As an engineer this may finally solve one of the most vexing problems I deal with, data sheets. They are all PDFs these days and they are unreadable on the old style Kindle (kinda ok on the DX) nice but a bit of overkill on the 3rd gen iPad.
The reason I want an e-ink screen device for data sheets is that it often sits on my desk for long periods on the pinout page or the 'example circuit' page. On an e-ink display it just sits there forever, on an iPad the display goes to sleep or if I keep it awake I burn through power too fast.
The Kindle treats each page of a PDF as an image that it scales to the width/height of the screen. You can zoom in and move around, but it's not at all like reading a book.
Given the PDF format, this is really the only way you can really deal with PDFs that might have images, columns, etc. Much more inherent formatting than with just a text .mobi.
If I zoom them to be readable they look like crap (and its very tiring to read them) I've got an Illiad V2 which I originally used for this (167 dpi) and its "ok" but not great, and not enough real estate for the whole document. My 3rd gen iPad is quite nice but has the issues noted above. I had hoped the Plastic Logic folks would have made a dent here but alas that was not to be.
My dream is just having an e-paper monitor next to my regular monitor to which I can just pull text over to read. I wish I could just get my hands on an e-paper screen of a decent size to hack.
How is that different from what Kobo does? I have a Kobo Touch (and my family have their own Kobo Touches on the same account) and I have Kobo apps on my Android phone and tablet, Windows and Chrome/Chromium browser. They all stay in sync, when I buy a book it appears on all the devices, and when I read a book on one, the others all update their bookmarks to where I stopped. Does the Kindle sync offer anything more?

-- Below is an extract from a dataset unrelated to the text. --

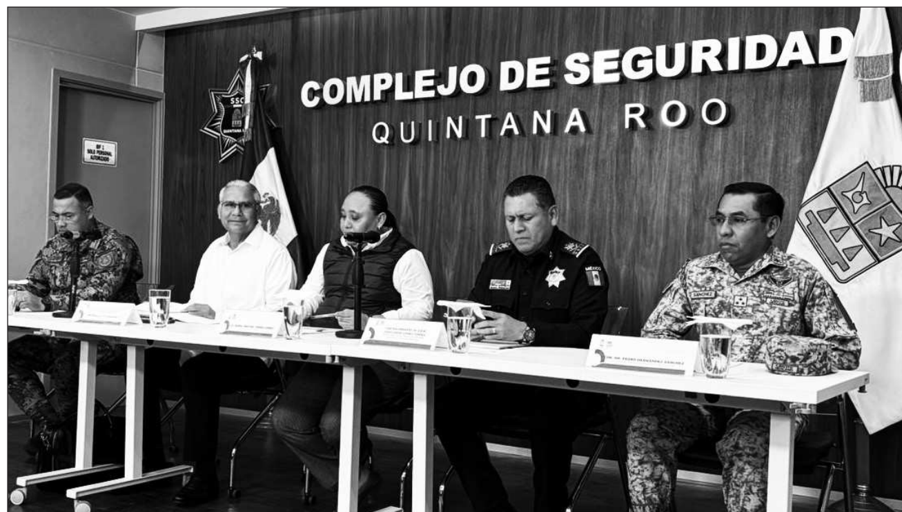
▲ Desde un inmueble de la supermanzana 46 en Cancún, los implicados usurpaban la identidad de empresas turísticas legales para estafar a usuarios, utilizando documentos digitales de apariencia oficial.

“La meta del estado es de más de 65 mil viviendas,

Does Kobo have a similar collection of books? Allows you to purchase from Amazon? Otherwise the difference (and a huge one at that) is the collection of books available on Kindle.
I wonder if this actually makes it less easy on the eyes than regular e-ink.
I really like e-ink technology but the Kindle approach scares me a bit with it's reluctance to give me proper ownership over the device and content I buy.
I have bought only 3 books for my Kindle over Amazon -
I use calibre to convert all kinds of e-book-formats to mobi/azw on Fedora, then a USB-cable to transfer them over (I think WLAN works, too). 3G is never on. Calibre also has a plugin to remove DRM from Amazon-books so that the few ones I bought are actually mine.
You can also install alternative OSes like Duokan for even more control, haven't really tried that out - deinstalled an old version after a short bit of trying when the book was displayed "smudgy".
So these don't have side-mounted page turn buttons? Only touchscreen to turn pages? Can anyone comment on how that compares (usability wise) to the old buttons?
Even after months of practice with the touchscreen, I find that one out of every 10 or so page turns I get a response different from my intention: the page turns in the wrong direction, turns two pages instead of one, triggers "open menu" command incorrectly, or does no action. I've found the swipes somewhat more accurate, net-net, than tapping, but they are a little awkward one-handed.
I've had miscues with the hardware buttons as well, but they're much less common.
The touchscreen's advantage is its on-screen keyboard. I found this a little better than the physical keyboard (which added too much size/weight) and d-pad selection. Though I only use that function once in a long while.
A Pixel Qi display may fit your needs. There's a 10" DIY display available http://www.makershed.com/Pixel_Qi_display_p/mkpq01.htm although you may just want to pressure your favorite consumer electronics company to include one by default.
By the way, the earliest version of the Pixel Qi technology was used by the first OLPC XO laptop model.
Yes! Same here. I feel like I'm part of a niche group that wants an e-ink device that at least reads web content rather than having to download or email myself articles. Are there particular technological limits aside from the cheap processor/e-ink controllers that are preventing an e-ink device from having a really usable web browser?
Good devices but I hope that Amazon updates their devices more often: the Kindle devices haven't the same firmware (Kindle keyboard, Kindle touch... different firmware).
He means to ask if you can turn off text justification and have a ragged edge. The answer is no, at least on my Kindle Keyboard 3G running v3.3 of the Kindle Firmware.
The reason I want an e-ink screen device for data sheets is that it often sits on my desk for long periods on the pinout page or the 'example circuit' page. On an e-ink display it just sits there forever, on an iPad the display goes to sleep or if I keep it awake I burn through power too fast.